New Jersey’s Chris Christie to run for US president

Governor becomes 14th Republican to enter race for the party’s nomination with no clear frontrunner for 2016 campaign.

Chris Christie Poised to Announce Presidential Campaign
Christie has slipped from favour with fellow party members and faces a tough sell with many conservatives in his party [Getty Images]

Chris Christie, the governor of the US state of New Jersey, has launched his bid to become president, telling supporters he is ready to begin what he called a noble effort to “lead our country and to change the world”.

With his declaration, Christie, 52, becomes the 14th Republican to enter the race for the party’s nomination for 2016, with no clear frontrunner so far.

“America is tired of hand-wringing and indecisiveness and weakness in the Oval Office,” Christie, the Republican governor of a largely Democratic state, declared on Tuesday.

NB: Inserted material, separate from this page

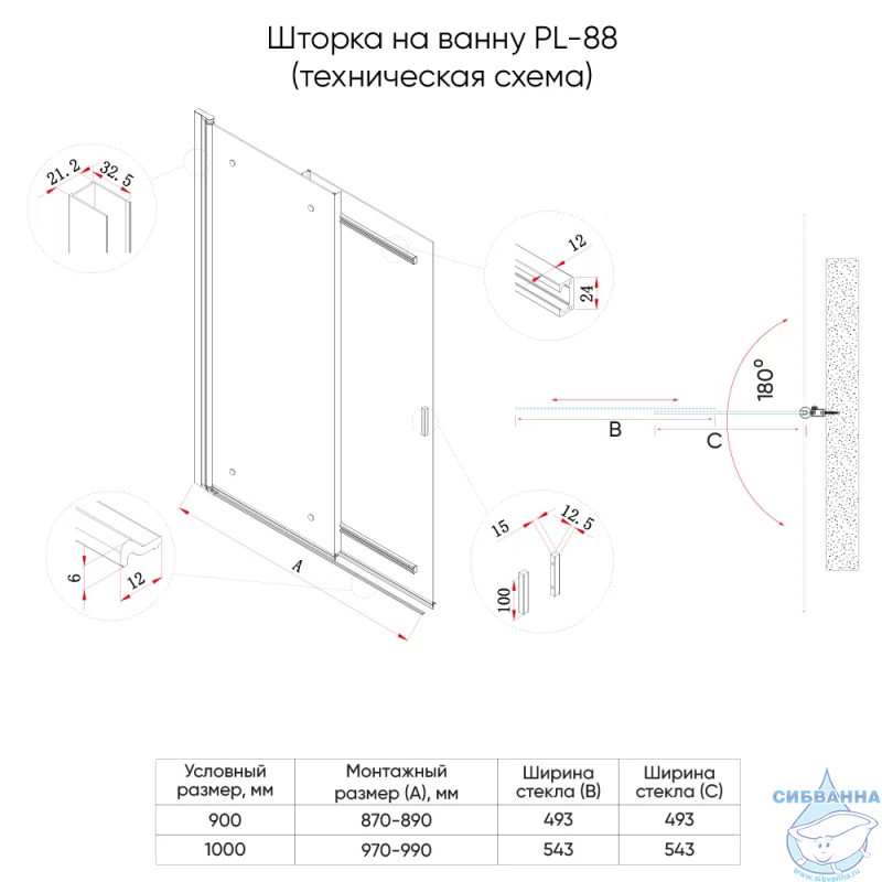 Шторка на ванну раздвижная/распашная. Стекло закалённое безопасное 4 мм. Профиль анодированный алюминий.

“If we’re going to lead, we have to stop worrying about being loved and start caring about being respected again, both at home and around the world,” he said in a veiled criticism of President Barack Obama, a Democrat. 

Christie was scheduled to head to the early-voting state of New Hampshire later on Tuesday.

Both the Republican and Democratic parties will select their nominees during the primaries, starting on January 2016. The eventual winners will then face off in a general election on November 2016.


Related: Jeb Bush launches 2016 US presidential campaign


Christie has slipped from favour with fellow party members and faces a tough sell with many conservatives in a crowded election field.

He once was one of the nation’s most popular state leaders, and his turn as head of the Republican Governors Association was widely viewed as a success in the 2014 midterm elections.

Christie had a landslide re-election to a second term as governor in 2013, but he was later nearly felled by scandal involving his aides, and deliberate traffic jams at a bridge to New York City in an effort to hurt a political rival.

Following the controversy, his approval ratings have reached record lows at home. 

Working-class roots

Aides now try to emphasise what they describe as his charismatic personality, quick wit and plain-spoken manner, while fighting some critics’ view of him as a bully.

In Tuesday’s speech, Christie said both the nation’s main political parties “have failed our country” and called for more compromise in politics.

Christie often emphasises his working-class roots as a contrast to candidates like Jeb Bush, the son and brother of presidents.

He used his announcement in the gymnasium of his old high school to show how his upbringing shaped him in articulating his vision for the country.

But his antagonistic style – critics call him an obnoxious bully – has been on display since he became governor in 2010, with videos posted on YouTube that showed him telling people to “shut up” or calling constituents “numbnuts.”